Headline ShFE inventory peaked at 300,045 tons in the middle of April and has stayed around those elevated heights, the usual post-holiday drawdown so far conspicuous by its absence.
There are another 45,000 tons of bonded copper registered with ShFE’s international branch, the International Energy Exchange.
The build in Chinese exchange stocks lifted global exchange inventory to 491,000 tons at the end of March, the highest monthly level since August 2021.
Weak spot demand, robust imports and rising domestic output have combined to keep China’s exchange inventories high.

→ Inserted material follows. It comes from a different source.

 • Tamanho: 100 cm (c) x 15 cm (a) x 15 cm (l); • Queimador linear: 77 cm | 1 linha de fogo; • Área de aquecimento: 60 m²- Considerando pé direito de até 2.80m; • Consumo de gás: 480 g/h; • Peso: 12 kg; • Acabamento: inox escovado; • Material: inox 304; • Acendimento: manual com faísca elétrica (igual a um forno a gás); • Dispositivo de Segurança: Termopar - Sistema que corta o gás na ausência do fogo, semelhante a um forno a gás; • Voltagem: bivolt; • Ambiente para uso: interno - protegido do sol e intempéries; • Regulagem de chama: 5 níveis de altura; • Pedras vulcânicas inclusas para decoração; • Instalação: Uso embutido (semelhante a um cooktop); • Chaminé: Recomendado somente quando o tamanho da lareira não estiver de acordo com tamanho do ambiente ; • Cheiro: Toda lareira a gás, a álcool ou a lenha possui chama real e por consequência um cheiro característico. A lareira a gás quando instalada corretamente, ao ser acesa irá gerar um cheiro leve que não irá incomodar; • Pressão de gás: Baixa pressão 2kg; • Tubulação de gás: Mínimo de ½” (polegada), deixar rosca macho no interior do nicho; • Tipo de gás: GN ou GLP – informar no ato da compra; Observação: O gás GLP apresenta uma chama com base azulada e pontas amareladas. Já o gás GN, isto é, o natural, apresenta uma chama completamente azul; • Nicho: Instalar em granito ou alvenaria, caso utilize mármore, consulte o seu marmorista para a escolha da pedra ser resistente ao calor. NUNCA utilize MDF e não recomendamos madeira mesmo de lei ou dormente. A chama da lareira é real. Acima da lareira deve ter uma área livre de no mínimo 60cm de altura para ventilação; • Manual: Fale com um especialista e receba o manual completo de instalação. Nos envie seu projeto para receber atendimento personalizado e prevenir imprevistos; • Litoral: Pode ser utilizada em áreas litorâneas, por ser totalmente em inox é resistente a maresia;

Chinese buyers, like those everywhere else, have reacted to copper’s sharp rally by de-stocking, which is probably why the seasonal post-holiday decline in ShFE stocks hasn’t yet kicked in.
Meanwhile, Chinese imports of refined metal have been running at a healthy clip since the middle of last year. Imports accelerated from 1.65 million tons in the first half of 2023 to 2.07 million in the second half.

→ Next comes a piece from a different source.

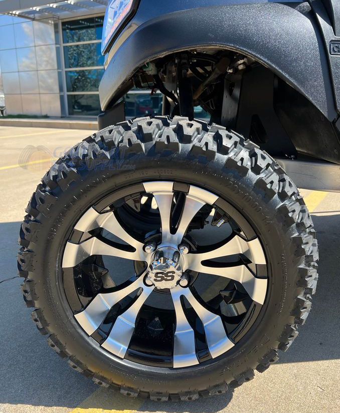 Mean looking AND high-end: The VAMPIRE golf cart wheels and 14″ All Terrain (AT) street legal tires combo is both. These strong and lightweight aluminum golf cart wheels come in a black/ machined finish and look very tough. This combo is only done true justice in person!

The pace dropped only slightly in the first four months of this year with cumulative imports of 1.25 million tonnes up by 17% on the same period of 2023.
Net imports of 1.18 million tonnes were up by a sharper 26% on the year-earlier period reflecting lower exports, which fell to 70,400 tons from 129,000.
Significantly, imports of raw material have also been rising this year.
Inbound volumes of copper concentrate rose by 7% year-on-year to 9.34 million tons in January-April, Chinese players evidently adjusting to the loss of the Cobre Panama mine after its closure at the end of 2023.
Higher copper concentrates availability has translated into higher domestic production of refined copper. After rising by 8% in the first quarter of the year, output growth accelerated to 9% in April.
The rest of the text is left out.